From The Associated Press
NEW YORK —
Stocks edged lower after a report that showed the U.S. economy unexpectedly contracted in the fourth quarter, putting the brakes on a January rally that has pushed stocks toward record levels.
The Dow Jones industrial average fell 23 points to 13,931 as of 2:40 p.m. EST. The Standard & Poor’s 500 fell 3 points to 1,505. The Nasdaq composite fell 4 points to 3,152.
The U.S. economy shrank from October through December for the first time since the recession ended, hurt by the biggest cut in defense spending in 40 years, fewer exports and sluggish growth in company stockpiles, the Commerce Department said Wednesday.
U.S. gross domestic product, the volume of all goods and services produced, contracted at an annual rate of 0.1 percent in the fourth quarter. That’s a sharp slowdown from the 3.1 percent growth rate in the July-September quarter.
“We have a negative print on GDP. To ignore this is folly,” said Doug Cote, chief market strategist at ING Investment Management. “Certainly, this market could continue to move forward, but ignoring the fundamentals is not something I’d counsel my clients to do.”
Positive company earnings reports helped offset the disappointing news about the economy.
Amazon jumped $13.49 to $273.70 after the world’s biggest online retailer showed improving profit margins when it posted fourth-quarter earnings late Tuesday. Boeing, currently scrambling to fix battery problems that have grounded its 787 Dreamliner planes, gained 88 cents to $74.53 after it reported earnings that beat analysts’ expectations. Rising profits from commercial jets offset a smaller profit from defense work.
The Dow Jones average has surged 6.3 percent since the start of the year, climbing close to 14,000 and within touching distance of its record level. Investors bought stocks after lawmakers reached a deal to avoid the “fiscal cliff” and on optimism the U.S. housing market is recovering and the jobs market is slowly healing.
A private survey showed Wednesday that U.S. businesses increased hiring in January compared with a revised December reading. Payroll processor ADP said Wednesday that employers added 192,000 jobs in January.
Stocks stayed lower immediately after the Federal Reserve released its statement following the end of its two-day policy meeting.
The central bank took no action following the meeting and is standing behind its aggressive steps to try to reduce unemployment. The Fed said growth “paused” in recent months and reaffirmed its commitment to boost a sluggish U.S. economy by keeping borrowing costs low for the foreseeable future.
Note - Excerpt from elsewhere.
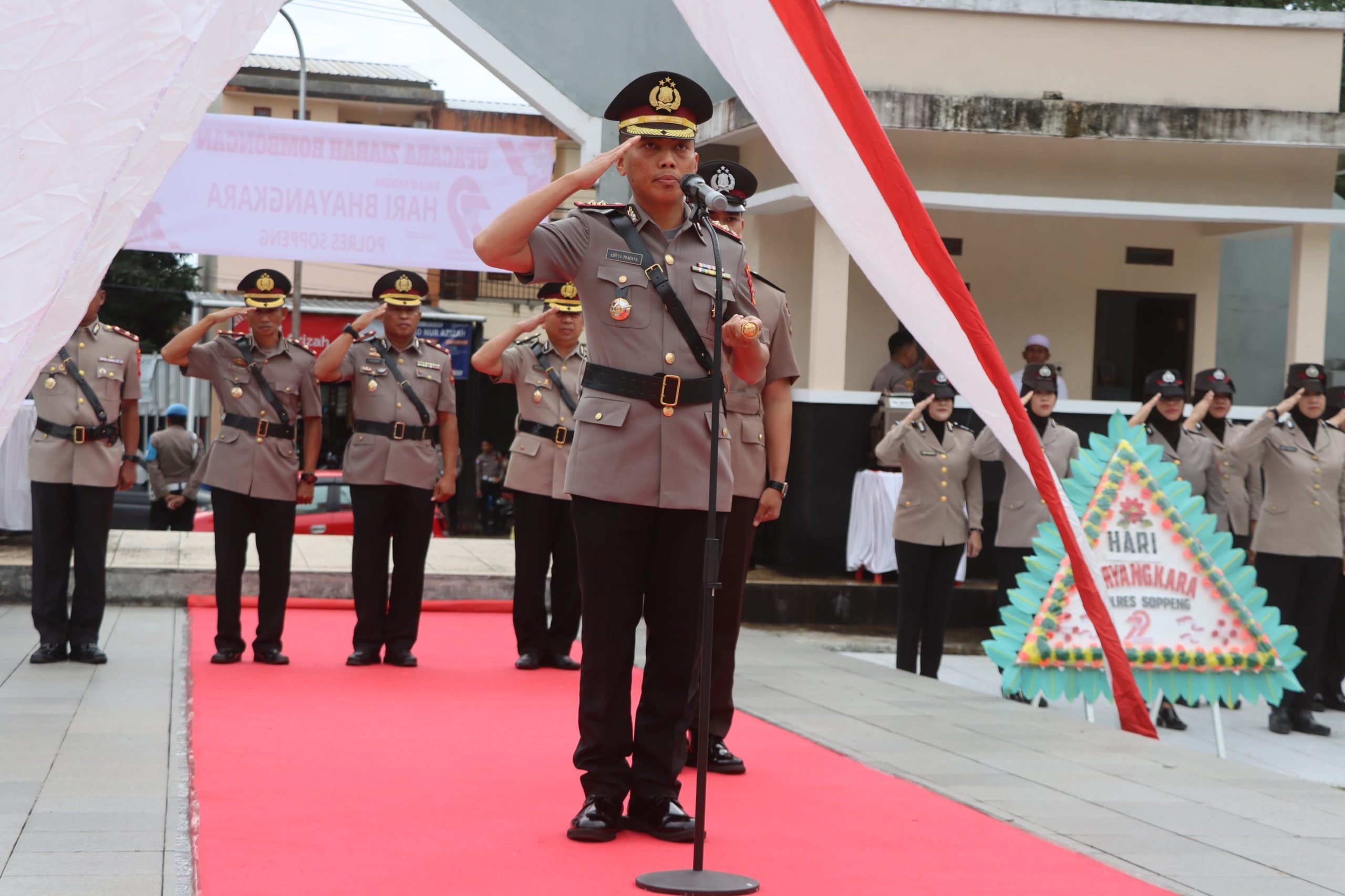 Dalam sambutannya, Kapolres Soppeng AKBP Aditya Pradana, S.I.K., M.I.K. menegaskan pentingnya mengenang perjuangan para pahlawan serta menanamkan nilai-nilai pengabdian dan loyalitas kepada bangsa dan institusi Polri.
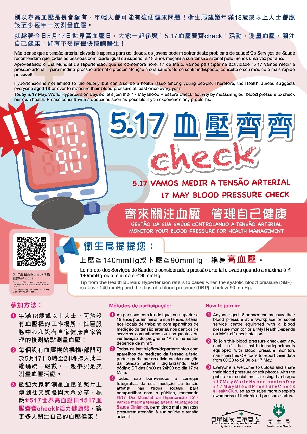 卫生局秉持“预防优先,妥善医疗”的理念,透过制定健康政策、创设健康环境和促进个人健康行为,以达致构建健康澳门的目标。为唤起居民关注血压问题、加强主动管理自己健康,尤其提升年轻族群对测量血压的关注度,并配合“世界高血压日”于5月17日举办“5.17血压齐齐check”活动,具体如下:

“They did exactly what they were supposed to do, that is not say anything that deviated from what everyone wanted to hear,” said JJ Kinahan, chief derivatives strategist at TD Ameritrade.
Investors will now turn their focus back on to company earnings and Friday’s nonfarm employment report, Kinahan said.
The yield on the 10-year Treasury note, which moves inversely to its price, climbed 2 basis points to 2.02 percent.
Among other stocks making big moves Wednesday:
— Chesapeake Energy rose $1.43 to $20.40 after the company said late Tuesday that its embattled CEO Aubrey McClendon will leave the company this spring.
— Avery Dennison, a packing materials company, rose $2.16 to $38.30 after it posted fourth-quarter earnings that beat analysts’ expectations and said it was selling two of its business units to CCL industries for $500 million. The company will use the proceeds of the sale to buy back stock and make additional pension contributions.
— Copano Energy, a natural energy company, rose $4.93 to $38.05 after the company said that it had agreed to be acquired by Kinder Morgan Energy Partners for about $3.2 billion in stock.
— MeadWestvaco, a packaging company, fell $1.38 to $31.55 after the company reported earnings that fell short of analysts’ expectations.